=== Begin Enclosure ===
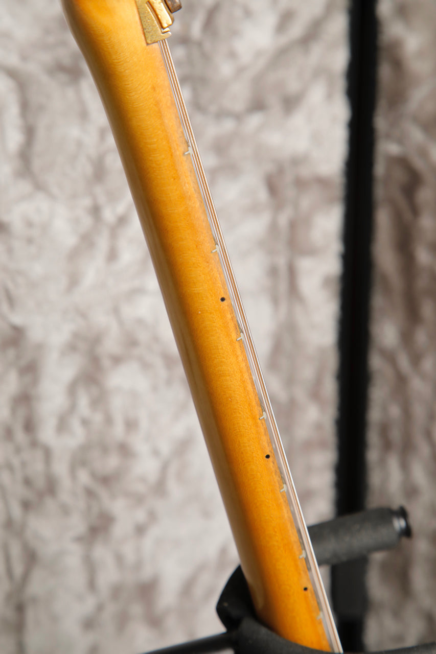 There are signs of wear and age with some scratches and patina to the gold hardware. The frets show a small amount of wear consistent with age and it is playing nicely.
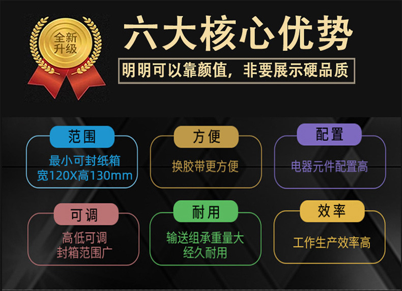 作為一款優(yōu)質(zhì)的封箱機,其耐用性也是我們非常關(guān)注的一點。這款封箱機采用了高品質(zhì)的進口材料和零件,經(jīng)久耐用,減少您的維修成本和停機時間。同時,其結(jié)構(gòu)緊湊,占地面積小,方便您在狹小的空間中使用。
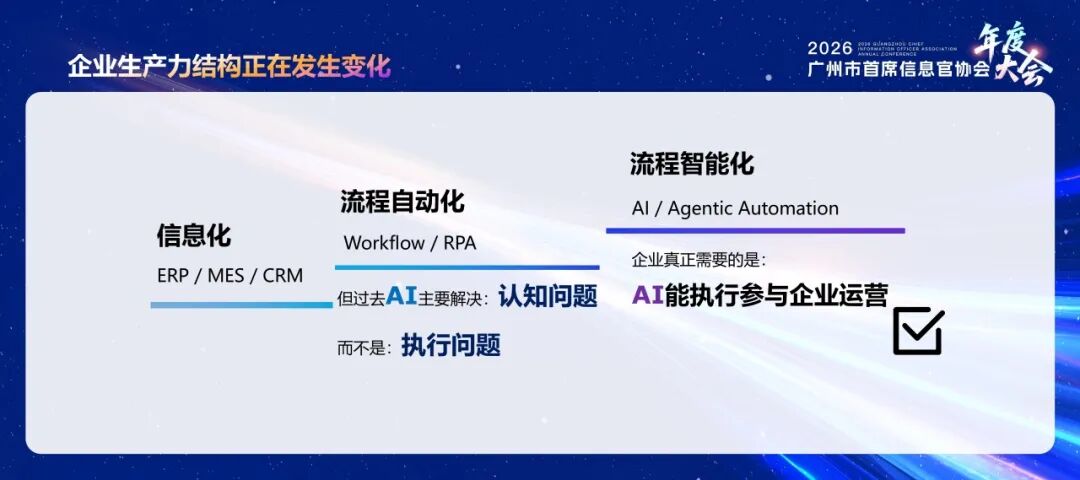 李博在演讲中指出,企业生产力结构正经历从信息化、流程自动化到流程智能化的迭代升级,过去 AI 技术多聚焦解决 “认知问题”,却难以落地实际 “执行问题”,而企业数字化转型的核心诉求,是让 AI 真正参与运营、从 “单纯思考” 走向 “落地执行”。
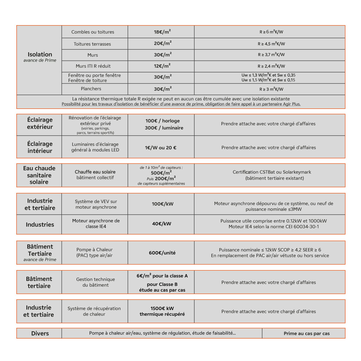 * Primes maximales. Conditions techniques et montants des aides financières Août 2023, susceptibles d’évoluer. L’aide financière constitue une subvention d’équipement ou une aide à l’achat qui n’est pas soumise à la TVA (cf. réponse ministérielle publiée le 10 mai 2016 et lettre d’information relative aux CEE de la DGEC du mois d’avril 2017).
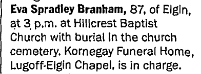 Funeral services for Eva Spradley Branham, 87, of Elgin, will be held at 3:00 PM Monday, October 11, 2010 at Hillcrest Baptist Church. Burial will follow in the church cemetery. Reverend Ken Jackson and Reverend Ron Taylor will officiate. Pastor Joseph Covino will also speak. Active pallbearers will be James Rabon, Eric Watts, Ray Garza, Justin Garza, Jerry Love and Randy Watts. Memorials may be made in Mrs. Branham’s memory to Calvary Community Church, c/o Vickie Covino, 1177 Jordan Road, Lugoff, SC 29078.
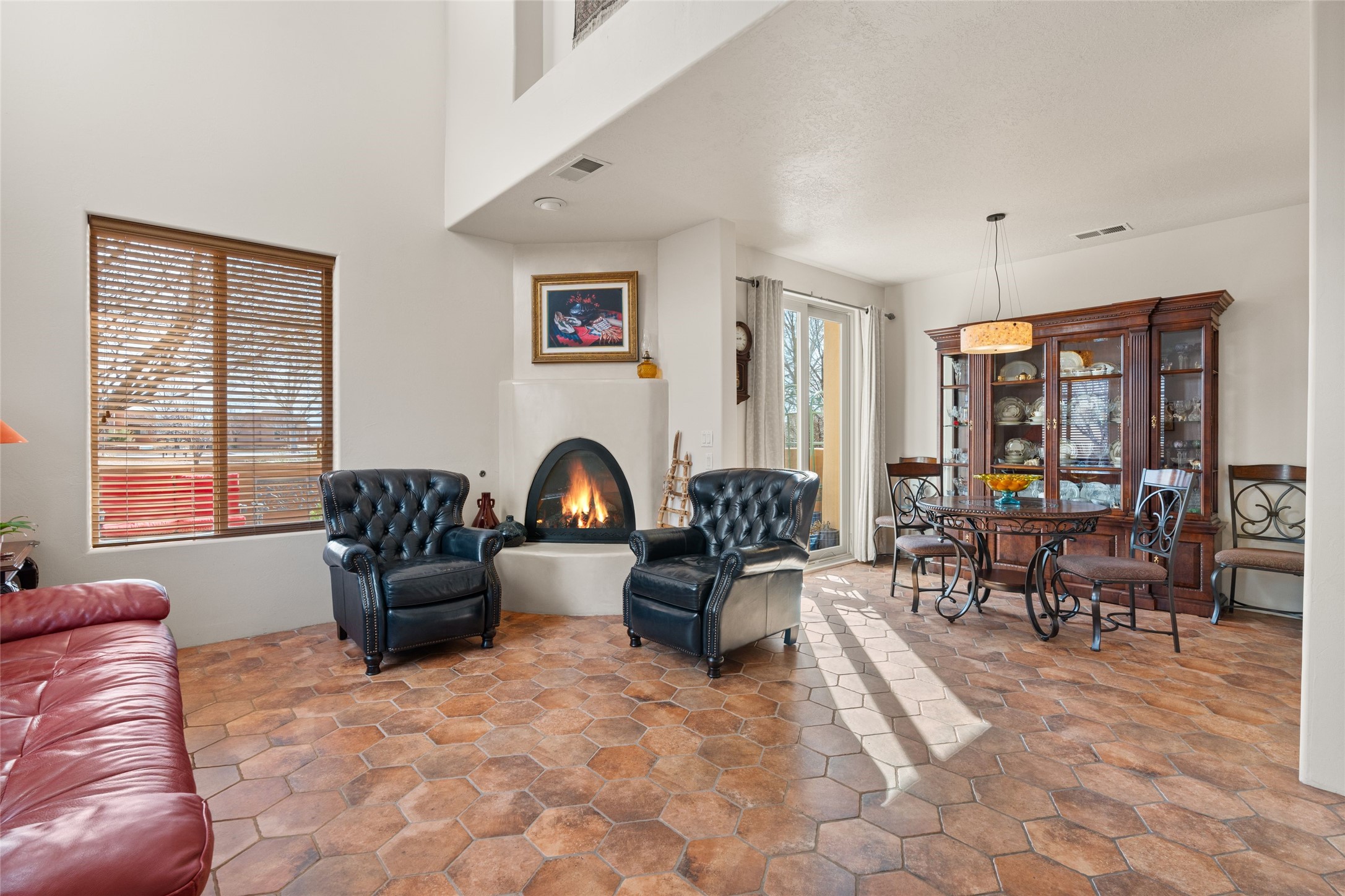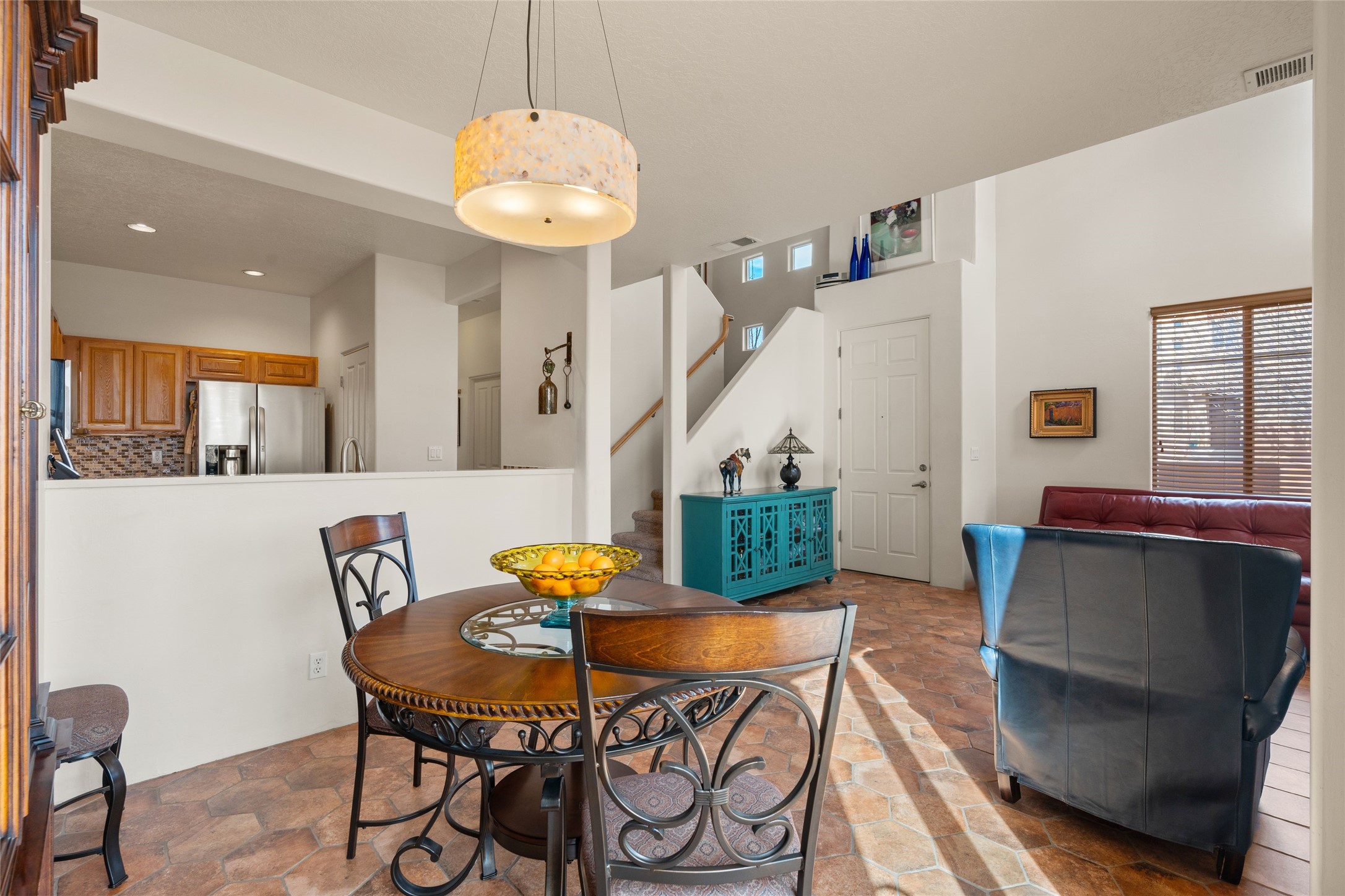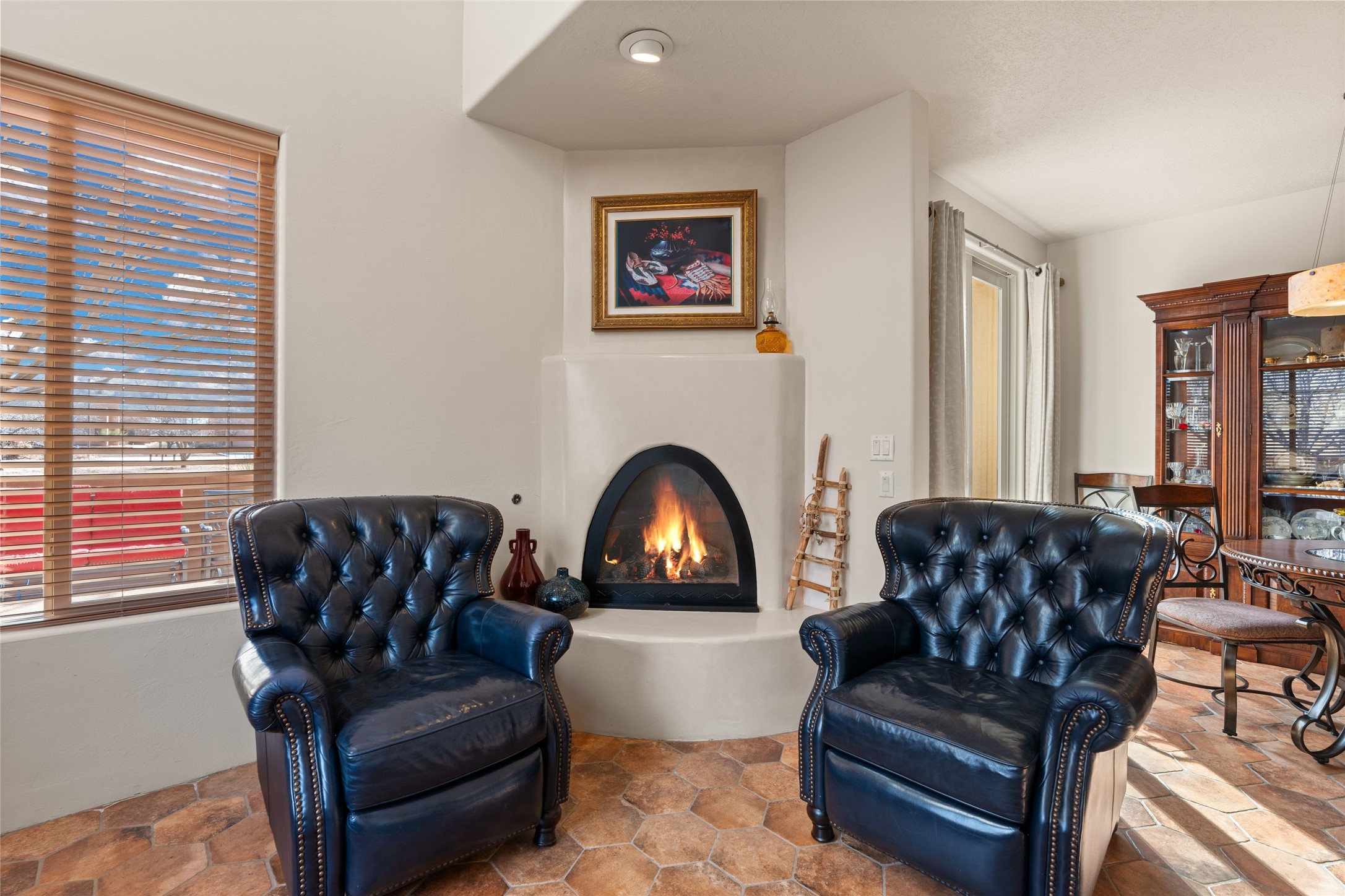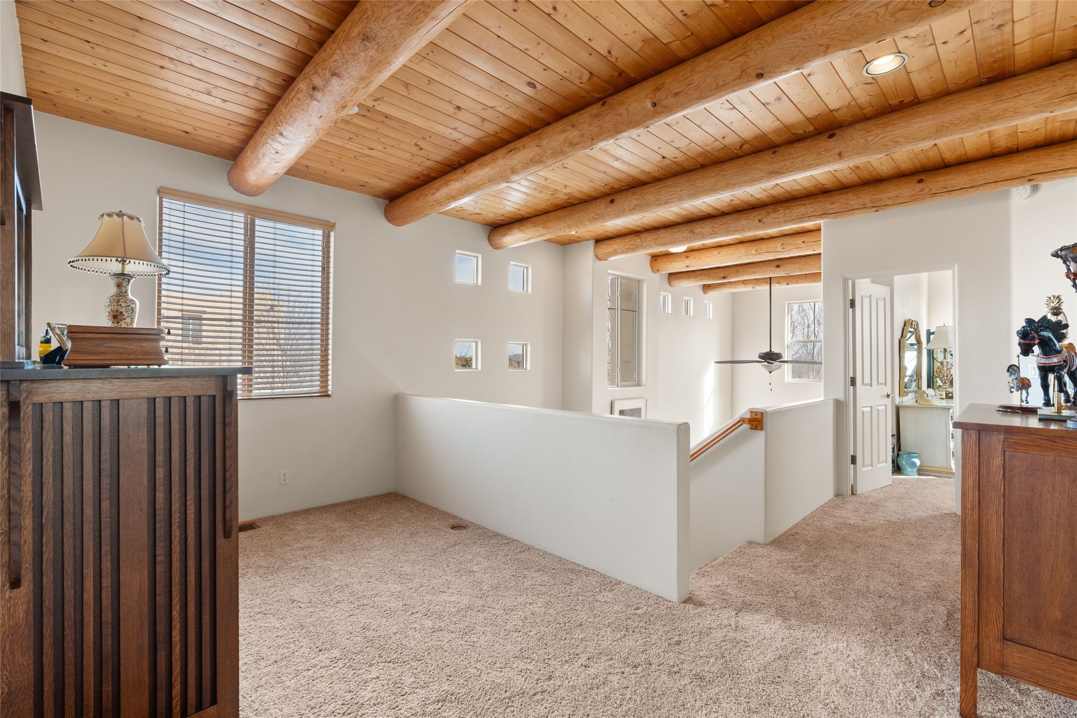 Premier townhome with great light and amazing views from upper deck. Three-bedroom home with three full baths. Prime location on the corner across from the park and close to walking trails. Open living and dining area with vaulted ceiling and vigas and corner kiva fireplace. Large doors out to the front allow enjoyment of the courtyard and outdoor space. Well-designed kitchen and bar space, good storage throughout the home. The primary bedroom upstairs with ensuite and large walk-in closet is separated from the second upstairs bedroom by a large landing area and office or sitting room space. Features a second story viewing deck is spacious and sunny and is the perfect place to view the wonderful Santa Fe sky. There is one bedroom downstairs with a full bath. Rear entry two-car garage and plenty of guest parking.
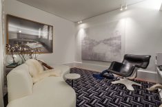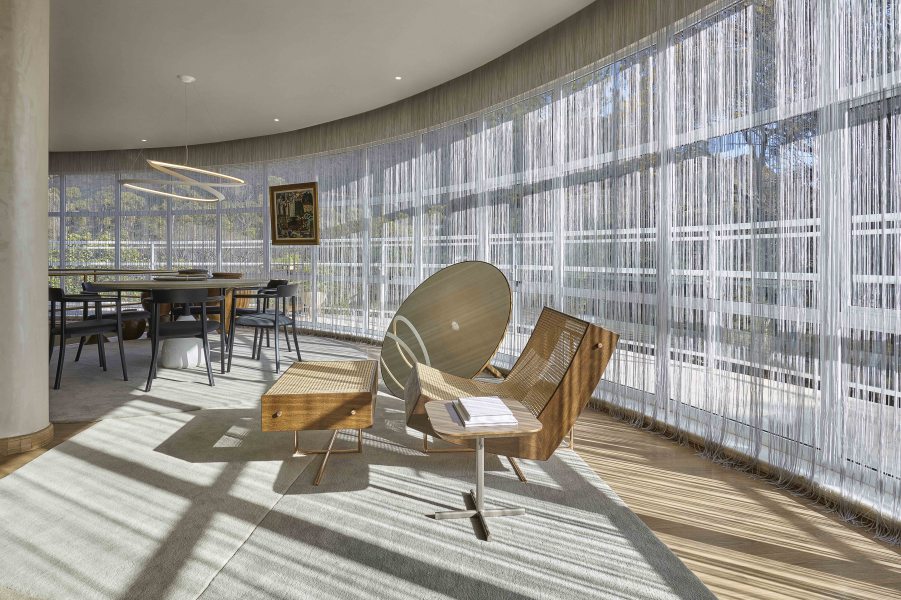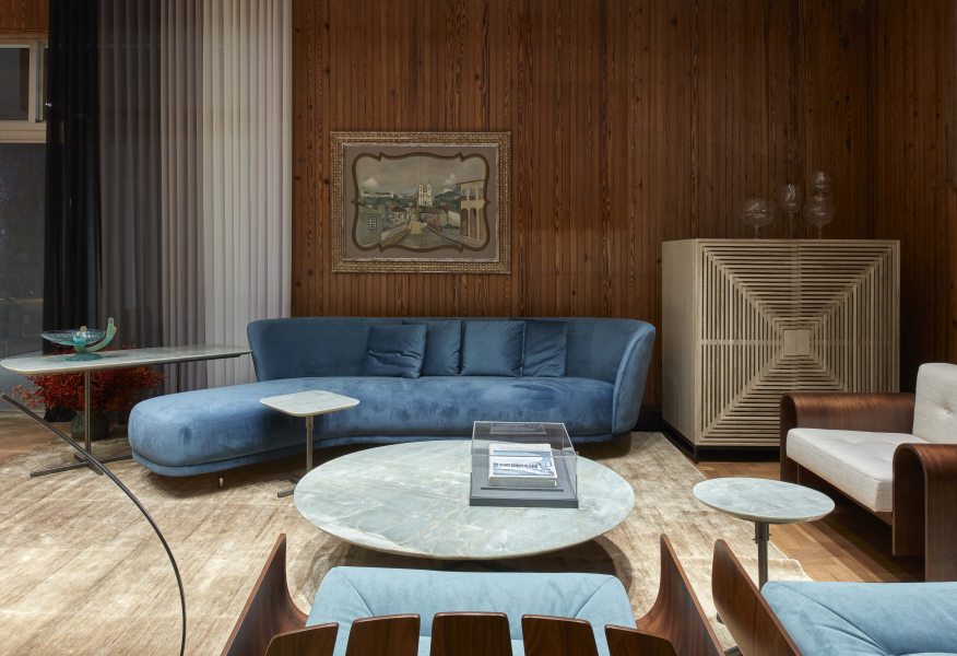 Não poderia ser diferente: para um espaço tão nobre, os gigantes do design brasileiro marcam presença em grande estilo e mostram que o sofisticado pode ser muito aconchegante, mas pode estar longe de afetação. Pelo contrário. Ele está na beleza da mesa pétala, de Jorge Zalzupin, autor também do instigante banco onda em frente ao claro e amplo sofá em linhas orgânicas. Está na pequena poltrona em madeira e estofada também, de Zanine Caldas, na gostosa Tonico, de Sérgio Rodrigues – acompanhada de duas mesinhas Maria Sem Vergonha, da Etel – e, ao fundo, na eterna poltrona alta, pufe e mesa lateral, tudo assinado por Niemeyer. O toque contemporâneo fica por conta da cadeira cabrita, de Osvaldo Tenório e da iluminação, o recorte de um círculo que se desloca em diagonal no teto. Aqui, tudo conversa com tudo, inclusive as obras de arte, de Gabriela Machado, Isaura Pena e os banquinhos, que são instalações de Zé Bento.
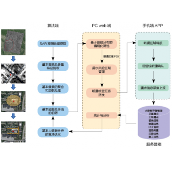 利用雷達(dá)的穿透性特點(diǎn),采用長(zhǎng)波段雷達(dá)衛(wèi)星掃描獲取整個(gè)城市的雷達(dá)遙感數(shù)據(jù),通過濾波、特征變換等算法模型分析管線泄露導(dǎo)致的土壤含水量差異,檢測(cè)識(shí)別出小范圍的疑似漏水區(qū)域,為地面檢漏核查提供準(zhǔn)確依據(jù)。
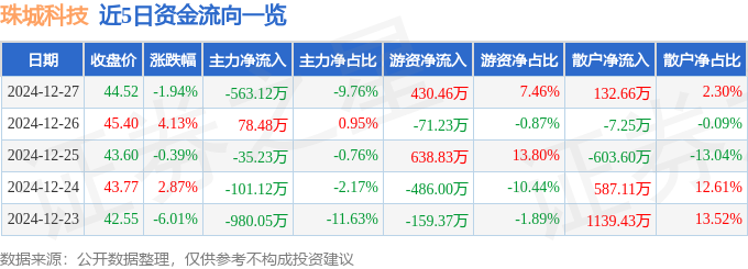 12月27日的资金流向数据方面,主力资金净流出563.12万元,占总成交额9.76%,游资资金净流入430.46万元,占总成交额7.46%,散户资金净流入132.66万元,占总成交额2.3%。
=== End Enclosure ===
▸ **Your instructions**
In the entries above, every line from the line with "作為一款優(yōu)質(zh" to the line with "Funeral services for" is to be printed exactly, with both ends included and pictures excluded.

▸ **Answer to this task**
 作為一款優(yōu)質(zhì)的封箱機,其耐用性也是我們非常關(guān)注的一點。這款封箱機采用了高品質(zhì)的進口材料和零件,經(jīng)久耐用,減少您的維修成本和停機時間。同時,其結(jié)構(gòu)緊湊,占地面積小,方便您在狹小的空間中使用。
 李博在演讲中指出,企业生产力结构正经历从信息化、流程自动化到流程智能化的迭代升级,过去 AI 技术多聚焦解决 “认知问题”,却难以落地实际 “执行问题”,而企业数字化转型的核心诉求,是让 AI 真正参与运营、从 “单纯思考” 走向 “落地执行”。
 * Primes maximales. Conditions techniques et montants des aides financières Août 2023, susceptibles d’évoluer. L’aide financière constitue une subvention d’équipement ou une aide à l’achat qui n’est pas soumise à la TVA (cf. réponse ministérielle publiée le 10 mai 2016 et lettre d’information relative aux CEE de la DGEC du mois d’avril 2017).
 Funeral services for Eva Spradley Branham, 87, of Elgin, will be held at 3:00 PM Monday, October 11, 2010 at Hillcrest Baptist Church. Burial will follow in the church cemetery. Reverend Ken Jackson and Reverend Ron Taylor will officiate. Pastor Joseph Covino will also speak. Active pallbearers will be James Rabon, Eric Watts, Ray Garza, Justin Garza, Jerry Love and Randy Watts. Memorials may be made in Mrs. Branham’s memory to Calvary Community Church, c/o Vickie Covino, 1177 Jordan Road, Lugoff, SC 29078.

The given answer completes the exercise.